Sałaciak, Korniszon i Kiszeniaczka to ogórki mieszkające w łódzkiej piwnicy. Wymyśliła je lalkarka Marynia Janus. Premiera pierwszego odcinka teatralnego mikroserialu zorganizowanego w ramach Kulturgrantu - w środę, 22 lipca.

 Sałaciak, Korniszon i Kiszeniaczka to ogórki mieszkające w łódzkiej piwnicy. Wymyśliła je lalkarka Marynia Janus. Premiera pierwszego odcinka teatralnego mikroserialu zorganizowanego w ramach Kulturgrantu - w środę, 22 lipca.


Korniszon jest mały i złośliwy, ale trudno się temu dziwić, bo dopiero wyszedł z octu. Sałaciak ma usposobienie stoickie, jest oazą spokoju i racjonalną przeciwwagą dla przyjaciół. Kiszeniaczka to postać dramatyczna: niespełniona śpiewaczka operowa, stęskniona za lactobacillus, pałeczką kwasu mlekowego, która pozwoli jej skisnąć.


Mieszkające w bałuckiej piwnicy ogórki będą się zmagać nie tylko z typowymi wakacyjnymi dylematami - uporczywymi ulewami czy męczącym upałem. - Życie utrudniać im będzie wielki kret. Obok powstaje przecież tunel średnicowy - opowiada Marynia Janus, łódzka lalkarka i autorka miniserialu. - To, że mieszkają w łódzkiej piwnicy, ma znaczenie. Wprawdzie przez okienko widzą tylko wycinek rzeczywistości, ale serial osadzony jest w łódzkich realiach.


Marynia Janus przedstawia się jako "wieloboistka teatralna". Z wykształcenia jest aktorką lalkarką i producentką teatralną, zajmuje się też pedagogiką teatralną i pisze teksty. - Stoję na trzech nogach, łącząc praktykę z teorią - śmieje się.

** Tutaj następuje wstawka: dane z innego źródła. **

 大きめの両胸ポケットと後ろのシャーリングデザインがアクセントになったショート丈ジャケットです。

Pandemia pomieszała jej szyki. Dwa projekty, które miała realizować w ramach koordynowanej w Łodzi ogólnopolskiej akcji Dotknij Teatru, zostały przełożone na przyszły rok. Tuż po Światowym Dniu Teatru Marynia Janus planowała premierę "Kosmicznej budy jarmarcznej" - parawanowego spektaklu pokazywanego na łódzkich targowiskach.  W jednej z łódzkich podstawówek miała realizować "Paradę śmieci" - opracowaną metodami teatralnymi refleksję nad tematyką ochrony środowiska. Przez koronawirusa musiała zawiesić też wystawianie przedstawienia zrealizowanego w ramach stypendium Hanny Zdanowskiej - "Więc to już" (premiera była w Teatrze Lalek Arlekin). I odłożyć na później współpracę z teatralną fundacją Ależ Gustawie!

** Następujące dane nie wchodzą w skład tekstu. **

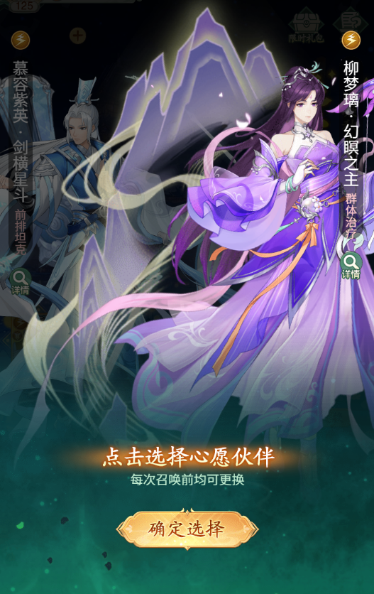 活动期间可抽取限定伙伴【慕容紫英·剑横星斗】&【柳梦璃·幻暝之主】,在限定伙伴up池——【慕容紫英·剑横星斗】&【柳梦璃·幻暝之主】之间选择需要抽取的伙伴,选定后可在界面更改已选择的伙伴。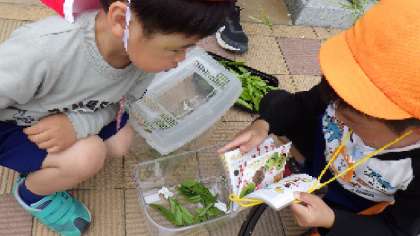 お掃除が終わり、新しい葉っぱを入れると元気に動き出した幼虫もいて、幼虫も子ども達も一緒に喜んでいるようでした。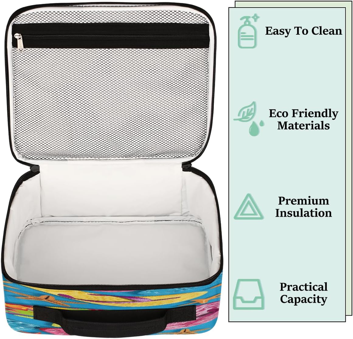 ✿ Dimensioni della borsa portapranzo: 21 x 10 x 26 cm, si adatta perfettamente al tuo portapranzo, frutta, snack e persino bottiglia per frullati proteici ✿ Materiale del contenitore per il pranzo isolato: la borsa per il pranzo riutilizzabile è realizzata in poliestere altamente resistente, facile da pulire, mantiene il cibo o le bevande fresche, calde o fredde per diverse ore, a prova di perdite per l'uso quotidiano Grande capacità: 1 tasca principale con cerniera per riporre facilmente molte cose, come bevande, snack, panini, frutta o verdura; 1 tasca frontale esterna con cerniera per riporre caramelle, chiavi, telefono e altri piccoli oggetti da portare in ufficio, escursioni, viaggi, feste ✿ Piume: la nostra borsa per il pranzo ha 1 tasca principale con cerniera per mantenere cibi e bevande caldi o freschi, 1 grande tasca frontale per chiavi, carte, telefoni e così via. È molto facile da portare ovunque come viaggi, spiaggia e sport; è facile da trasportare, a tracolla, inoltre, la tracolla può essere rimossa e trasformata in una borsa portatile per i pasti ✿ Regalo perfetto: motivi unici, regali unici, ideali per gli amici durante il festival, come compleanno, Natale, giorno della scuola

Ogórki przyszły jej na myśl, gdy zastanawiała się, jaki projekt zaproponować w ramach dofinansowanych przez Łódzkie Centrum Wydarzeń pandemicznych Kulturgrantów.


- W lipcu i sierpniu jest przecież teatralny sezon ogórkowy. A lalkarz może wszystko, nawet animować ogórki - wyjaśnia. - Wiem, że toczy się ogólnopolska językoznawcza dyskusja, czy ogórki są kiszone czy kwaszone. Stąd pomysł, by w serialu poruszyć kwestię regionalną.


Sałaciak, Korniszon i Kiszeniaczka powstały z gąbki tapicerskiej. Inspiracją były lalki Jima Hendersona, które znamy z programów "Muppet Show" i "Ulica Sezamkowa".


- Jestem miłośniczką Monty Pythona i Kabaretu Starszych Panów. To klimaty, w których się wychowałam, takie mam poczucie humoru. Scenki z ogórkami będą bazować na żartach językowych - mówi Marynia Janus.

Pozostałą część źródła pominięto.